Women in White has since shifted its efforts online. “Everything is underground now because [the situation] is very dangerous, ”she said. Ordinary people have been detained for wearing red, the color of the democratic movement.
The initiative aims to target women who support the regime. “They don’t know that something better exists,” Kostyugova says with a smile. They want to reach judges and police wives. The initiative has around 20,000 subscribers, but it is a far cry from the hundreds of thousands of women who took part in the marches last year.
Kostyugova is puzzled and said the effort is focused on creating educational content on human rights, democracy, feminism (not using the f-word) and domestic violence in interesting social media content. .
This summer, the regime virtually shut down independent media, or forced them to shift their political coverage to trivial topics like astrology and weather.
Telegram, the once popular method of organizing democratic forces, is losing its audience. Instead, people, including regular factory workers, are moving to YouTube, TikTok, and Instagram.
Kostyugova insists that it is not over for the Democratic movement, despite the tiny crowds and the fact that the opposition leader lives in exile. “This system cannot survive 10 years,” she says, arguing that the regime is strapped for cash. For example, the police are entitled to free government apartments, and there is no longer sufficient funds for these apartments.
Kostyugova is not unaware of the enormous challenges that lie ahead. Massive street protests are unlikely to happen again, given the price the middle class paid last year; thousands of people have lost their businesses and moved abroad. When the regime seemed fragile this summer, factory workers never broke with the regime, and Lukashenka stayed behind.
“He knows everyone’s sick of him,” she says, but the question of who comes after him is harder to answer.
Analyst Katia Glod think that Russia will try to replace Lukashenka slowly, without formal annexation, and that time is on Moscow’s side. Russian President Vladimir Putin and Lukashenka have met in Moscow five times this year to discuss an integration deal between the two countries, financial aid, military cooperation and constitutional reform. Putin wants a flexible leader in Minsk, and Lukashenka is anything but cash, and he’s strapped for cash too, and the fourth package of sanctions should start to weigh in this winter. Lukashenka’s options might run out.
But for now, the former farm boss is still in charge, even though he is no longer legitimate and widely despised. “It’s not about loyalty. It’s a matter of fear, ”says Kostyugova.
Melinda Haring is the Deputy Director of the Eurasia Center at the Atlantic Council. She tweets @melindaharing.
Wed Sep 22, 2021
Russia fears Belarus from Belarus
Moscow commentators are alarmed by signs of strengthening national identity in Belarus and warn that “Belarus” could lead to a decline in Russian influence, as has been the case in neighboring Ukraine.
Wed Sep 8, 2021
Belarus and the New European Iron Curtain
The militarization of illegal migration by the Belarusian dictator Alyaksandr Lukashenka, backed by the Kremlin, has forced neighboring EU members to introduce tighter border restrictions and has led to talk of a new Iron Curtain.

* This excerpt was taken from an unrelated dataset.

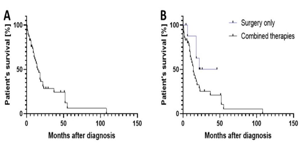 As Figure 3A shows, survival after diagnosis rapidly decreases with a median survival of only 15 months after diagnosis. After 24 months, only about 30% of all patients are still alive. Figure 3B shows the difference in the patient’s survival after exclusively surgical therapy (N=9) or a combined therapy of different therapeutic modalities including surgery or interventional, radiotherapy, chemotherapy, immunotherapy as well as targeted therapies (N=35) and therefore represents a rather heterogenous group. There is no significant difference between both groups (P value>0.05), however the median survival in the “surgery only” collective is 34 months whereas in the “combined therapies” collective the median survival is only 14 months after diagnosis.

The opinions expressed in UkraineAlert are solely those of the authors and do not necessarily reflect the views of the Atlantic Council, its staff or its supporters.
The Eurasia Center mission is to strengthen transatlantic cooperation by promoting stability, democratic values and prosperity in Eurasia, from Eastern Europe and Turkey in the West to the Caucasus, Russia and Central Asia to ballast.